EXERCISE INSTRUCTIONS = Retype word for word the stretch of entries below from the line that has "Durante uma sessão" through the line that has "It is a hand", and omit the pictures.

== RECORDS TO PROCESS

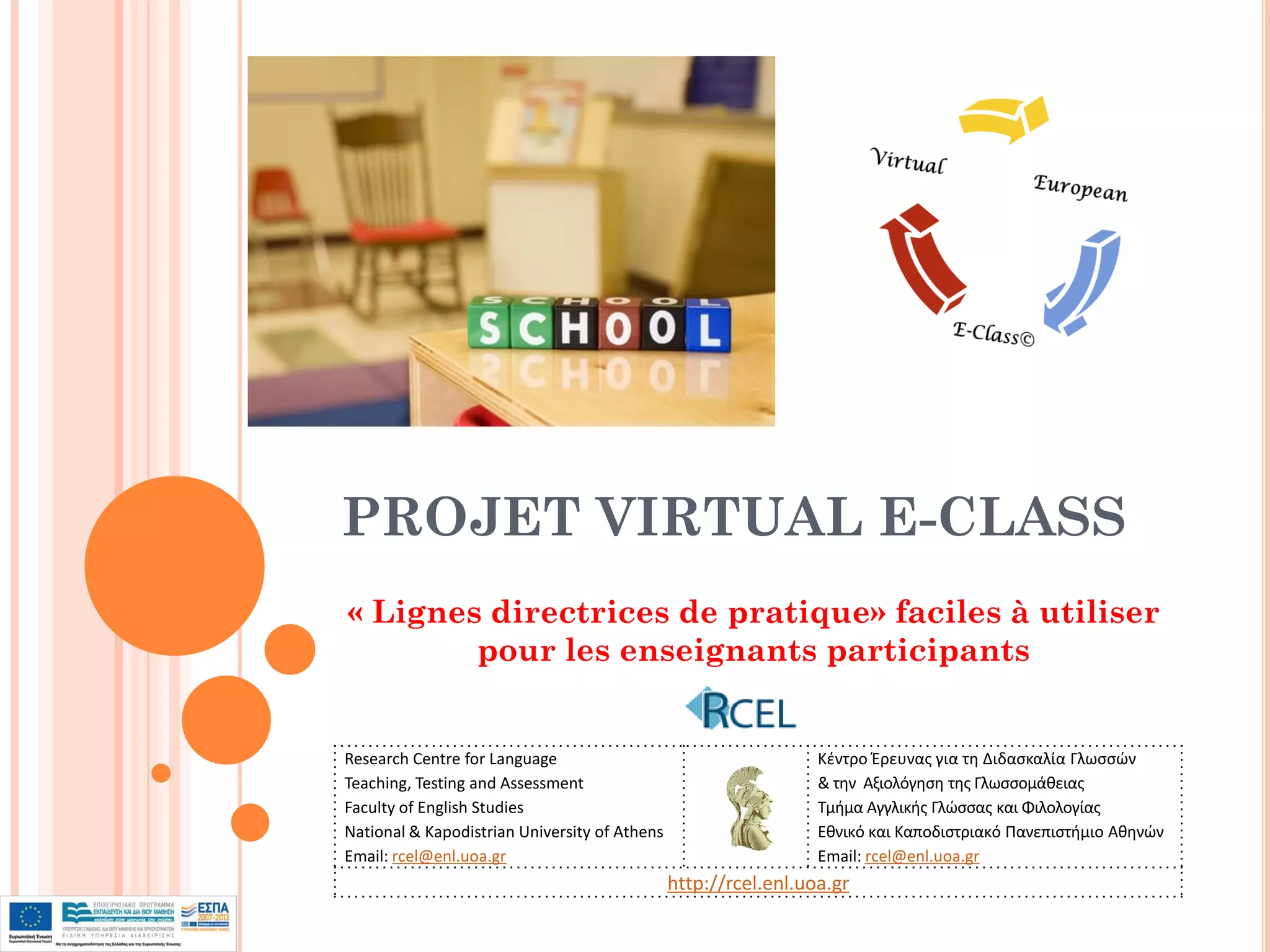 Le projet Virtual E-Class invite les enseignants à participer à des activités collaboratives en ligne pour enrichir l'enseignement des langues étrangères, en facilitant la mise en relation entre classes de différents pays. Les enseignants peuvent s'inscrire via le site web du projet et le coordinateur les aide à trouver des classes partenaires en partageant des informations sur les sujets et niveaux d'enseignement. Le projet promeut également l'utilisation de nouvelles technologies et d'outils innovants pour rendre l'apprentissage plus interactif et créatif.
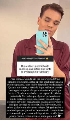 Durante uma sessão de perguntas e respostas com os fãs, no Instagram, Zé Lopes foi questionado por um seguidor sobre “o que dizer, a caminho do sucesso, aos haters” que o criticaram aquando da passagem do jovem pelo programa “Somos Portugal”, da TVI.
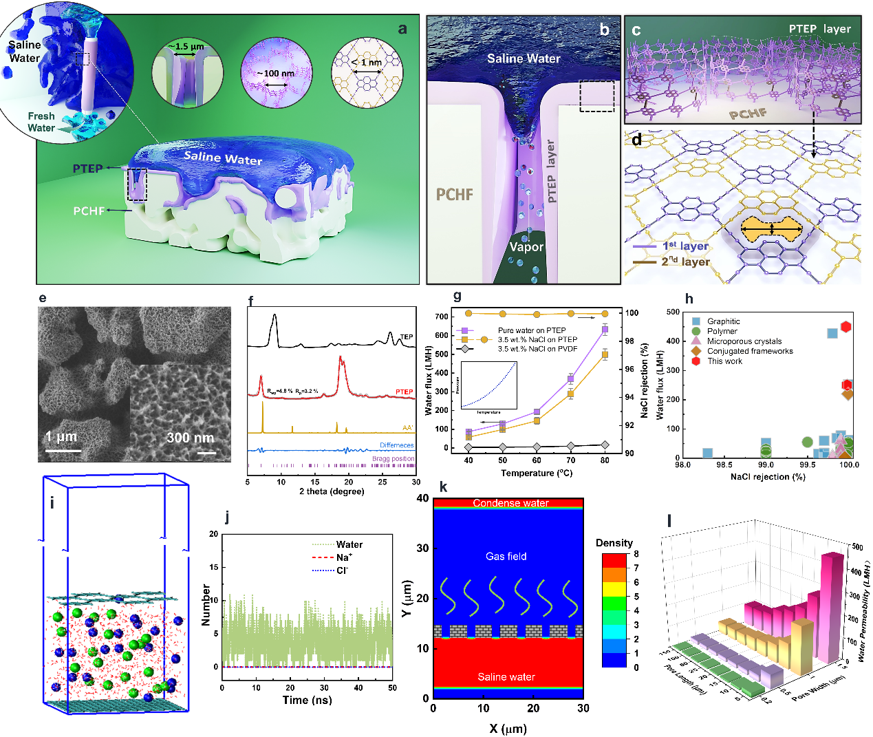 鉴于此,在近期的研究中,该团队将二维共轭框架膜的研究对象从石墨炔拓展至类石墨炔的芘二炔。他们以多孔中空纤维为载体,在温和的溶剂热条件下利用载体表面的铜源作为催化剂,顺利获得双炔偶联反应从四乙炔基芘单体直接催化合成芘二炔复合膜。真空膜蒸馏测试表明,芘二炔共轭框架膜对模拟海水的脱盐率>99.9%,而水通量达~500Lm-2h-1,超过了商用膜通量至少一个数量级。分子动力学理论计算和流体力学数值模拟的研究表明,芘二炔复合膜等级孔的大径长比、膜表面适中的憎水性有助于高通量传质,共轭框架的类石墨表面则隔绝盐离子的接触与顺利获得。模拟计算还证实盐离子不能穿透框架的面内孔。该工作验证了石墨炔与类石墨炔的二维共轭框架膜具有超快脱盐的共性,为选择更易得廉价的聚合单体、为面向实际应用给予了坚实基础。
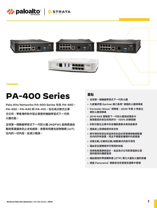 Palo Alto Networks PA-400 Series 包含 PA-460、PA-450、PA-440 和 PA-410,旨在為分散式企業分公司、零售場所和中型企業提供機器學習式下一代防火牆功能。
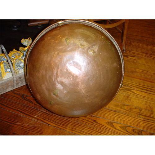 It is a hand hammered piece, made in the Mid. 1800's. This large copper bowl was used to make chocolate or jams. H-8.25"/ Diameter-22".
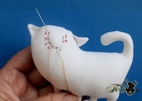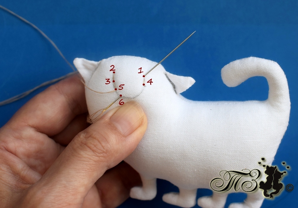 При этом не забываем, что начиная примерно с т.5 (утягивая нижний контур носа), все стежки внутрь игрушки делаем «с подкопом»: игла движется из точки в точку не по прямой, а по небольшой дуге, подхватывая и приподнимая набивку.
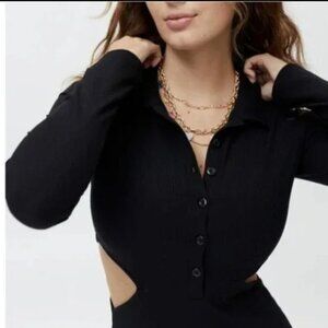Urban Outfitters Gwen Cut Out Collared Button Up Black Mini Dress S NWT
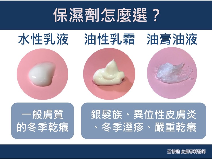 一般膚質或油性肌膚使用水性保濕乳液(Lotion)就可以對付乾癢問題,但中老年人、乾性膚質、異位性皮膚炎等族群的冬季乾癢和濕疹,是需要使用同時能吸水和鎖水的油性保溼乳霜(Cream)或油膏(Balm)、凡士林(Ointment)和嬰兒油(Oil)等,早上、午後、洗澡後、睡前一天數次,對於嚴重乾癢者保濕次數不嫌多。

====

ANSWER BOX =
 Durante uma sessão de perguntas e respostas com os fãs, no Instagram, Zé Lopes foi questionado por um seguidor sobre “o que dizer, a caminho do sucesso, aos haters” que o criticaram aquando da passagem do jovem pelo programa “Somos Portugal”, da TVI.
 鉴于此,在近期的研究中,该团队将二维共轭框架膜的研究对象从石墨炔拓展至类石墨炔的芘二炔。他们以多孔中空纤维为载体,在温和的溶剂热条件下利用载体表面的铜源作为催化剂,顺利获得双炔偶联反应从四乙炔基芘单体直接催化合成芘二炔复合膜。真空膜蒸馏测试表明,芘二炔共轭框架膜对模拟海水的脱盐率>99.9%,而水通量达~500Lm-2h-1,超过了商用膜通量至少一个数量级。分子动力学理论计算和流体力学数值模拟的研究表明,芘二炔复合膜等级孔的大径长比、膜表面适中的憎水性有助于高通量传质,共轭框架的类石墨表面则隔绝盐离子的接触与顺利获得。模拟计算还证实盐离子不能穿透框架的面内孔。该工作验证了石墨炔与类石墨炔的二维共轭框架膜具有超快脱盐的共性,为选择更易得廉价的聚合单体、为面向实际应用给予了坚实基础。
 Palo Alto Networks PA-400 Series 包含 PA-460、PA-450、PA-440 和 PA-410,旨在為分散式企業分公司、零售場所和中型企業提供機器學習式下一代防火牆功能。
 It is a hand hammered piece, made in the Mid. 1800's. This large copper bowl was used to make chocolate or jams. H-8.25"/ Diameter-22".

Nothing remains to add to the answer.